ASSIGNMENT: This exercise requires an exact output of the listing, images omitted.

[THE DATA]

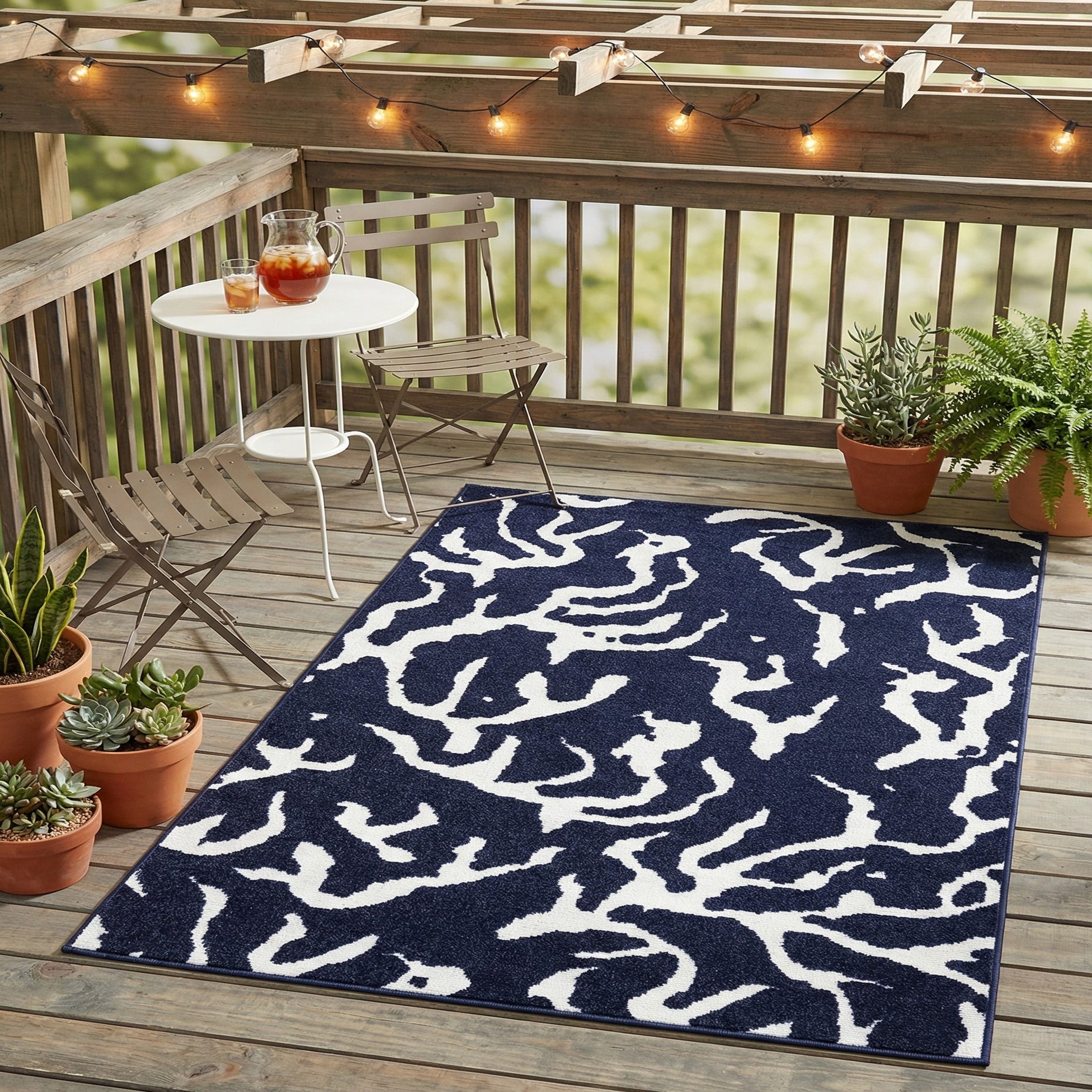 Primary color is Navy Blue. Colors in this rug include: Navy Blue, Ivory.
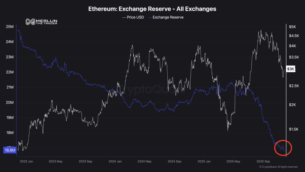 以太坊交易所储备已降至历史最低水平,这一下降反映出交易平台可用供应量急剧减少。虽然以太坊价格呈现小幅上涨,但流动性供应减少可能预示关键市场转变。
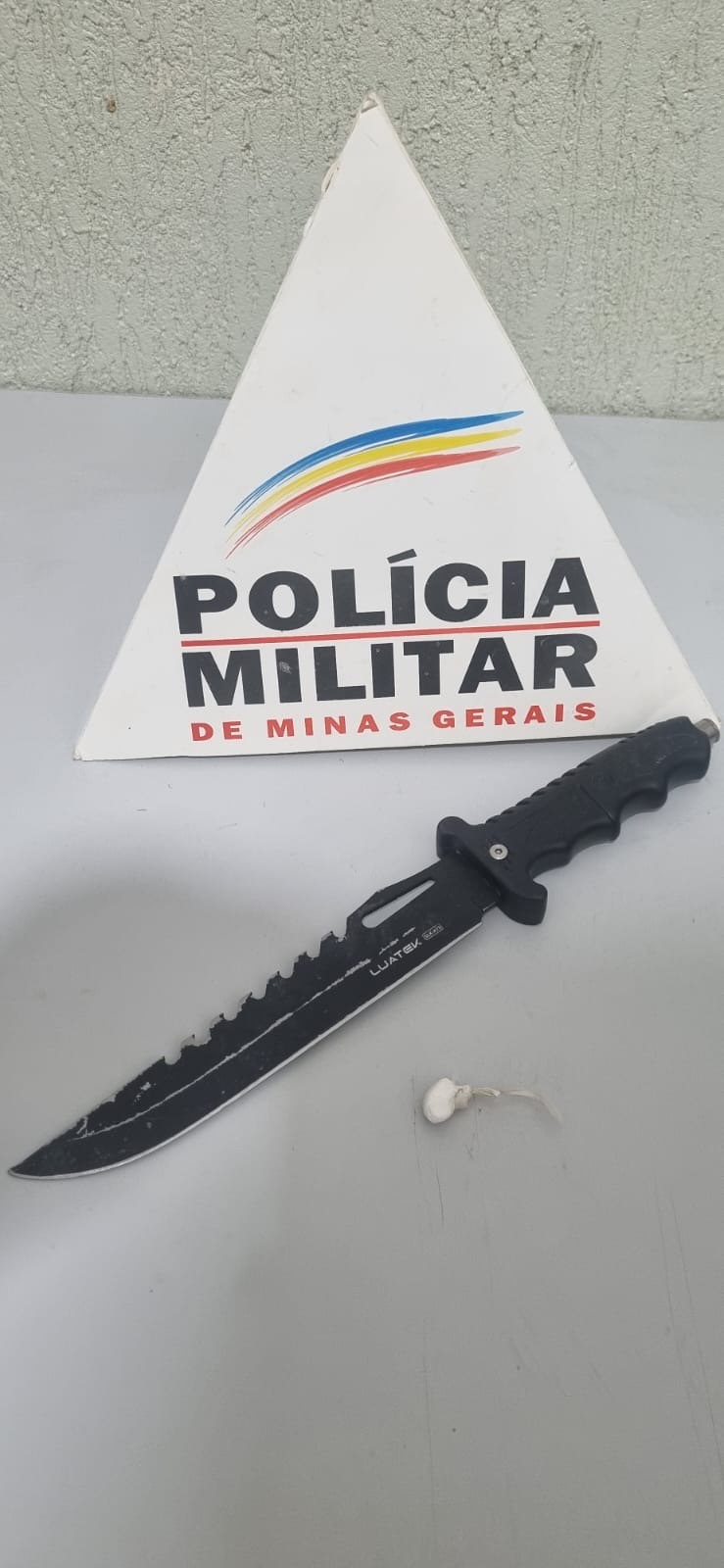 Na abordagem, os policiais localizaram uma faca na cintura do suspeito e um papelote contendo substância semelhante à cocaína.

[/THE DATA]

SOLUTION FOR THIS PROBLEM:
 Primary color is Navy Blue. Colors in this rug include: Navy Blue, Ivory.
 以太坊交易所储备已降至历史最低水平,这一下降反映出交易平台可用供应量急剧减少。虽然以太坊价格呈现小幅上涨,但流动性供应减少可能预示关键市场转变。
 Na abordagem, os policiais localizaram uma faca na cintura do suspeito e um papelote contendo substância semelhante à cocaína.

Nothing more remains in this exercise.